When you do something over and over you tend to forget the unique newness of events.  Today is registration for high school freshmen.  I, as the ninth grade counselor, am spending my day in a computer lab, doing a lot of hand holding, question answering, and assisting them as they choose their very first classes. 

And I am answering the same questions over and over and over and over and over and over and...

Well, you get the picture. 

But what I have to keep reminding myself is that they are on the cusp.  The cusp of high school.  Buzzing with anticipation over the newness of it all.  Watching them rush around this lab, course request sheets in hand, asking questions of their friends is rather endearing.  I remember this age so well.  Nervousness blended with excitement.  When I was in my Junior English class, my teacher told us one day that she envied us our teenaged ability to emote.  That we were so intense-intensely in love, intensely in hate, intensely nervous, happy, sad, or even simply intensely bored.  We were just extreme beings.  I didn't get it then.  Yet now, watching my students in this room I completely understand what she said.  The girls squeal about choosing classes.  The boys howl with laughter over bodily functions.  There is not a student who simply sits down. They plop, flop, slam, leap, slide, slink.  It is an entirely different energy.
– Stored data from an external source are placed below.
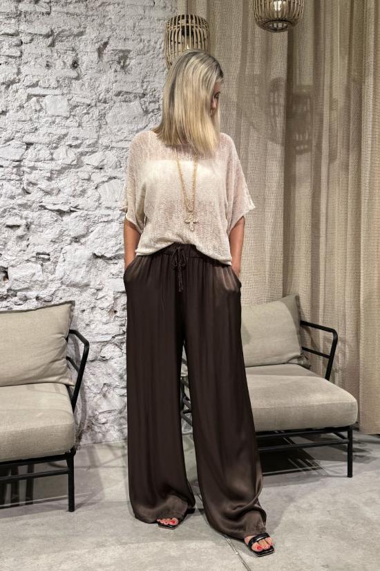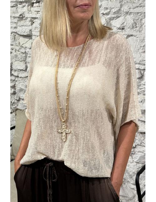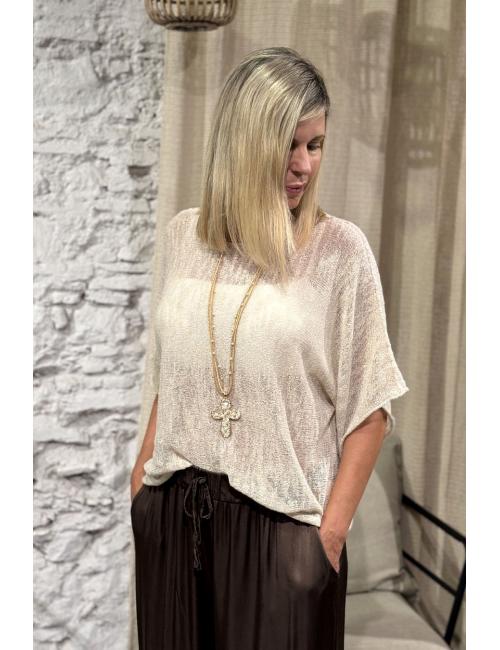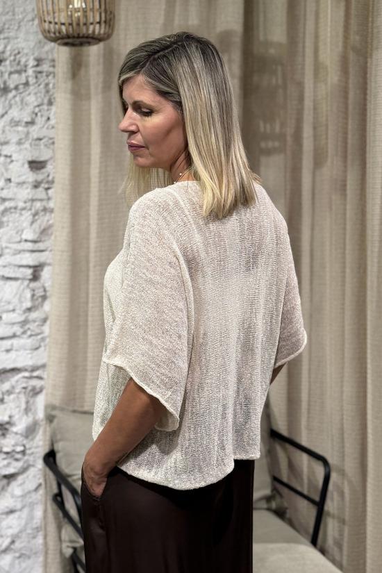 Jersey de manga corta estilo murciélago. Confeccionado en punto fino jaspeado semitransparente. Cuello semi-barca.
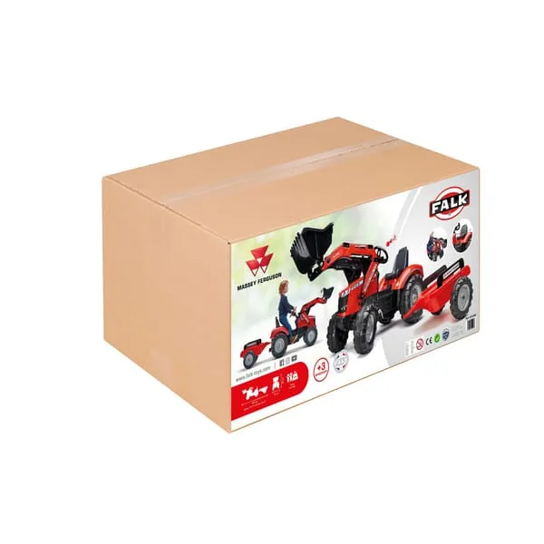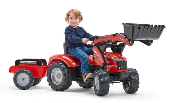 Popis výrobku Šlapací traktor Massey Ferguson, model S8740, s čelním nakladačem, zadní výkopovou lžící a přívěsem
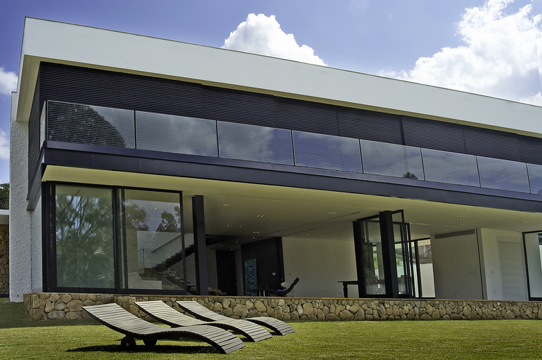 The architecture project has been developed to integrate the whole house to the beautiful lake and the landscape of the condominium, creating distinct blocks, according to their functions as entrance, living areas, bedrooms and services, acomodated in 2 diferent levels, intercomunicated by two stairs, for service and social purposes.
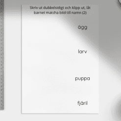 Upptäck fjärilens magiska livscykel genom roliga och lärorika matchningsövningar! Det här materialet är utformat för barn i förskola och tidig skolålder och tränar både observation, språk och begreppsförståelse.

While I am so frustrated answering the same questions over and over-this is my sixth year of orientating fourteen year-old students to the newness of high school-I also understand that they are new at this.  I am the old and learned one.  I may understand the intricacies of credits, graduation requirements, prerequisites, eligibility and more but they do not.  And this is only the mundane academic part.  This isn't the important stuff of high school life.  Just wait until August when locker assignments go out, complete schedules are distributed, homecoming week schedule is announced, cafeteria tables are claimed, positions in athletic teams and band/choir are posted...that is what matters to the life of our students.  The exterior of teens may look different, but after being an observant educator and school counselor for eleven years I can say that high school is exactly as you remember it.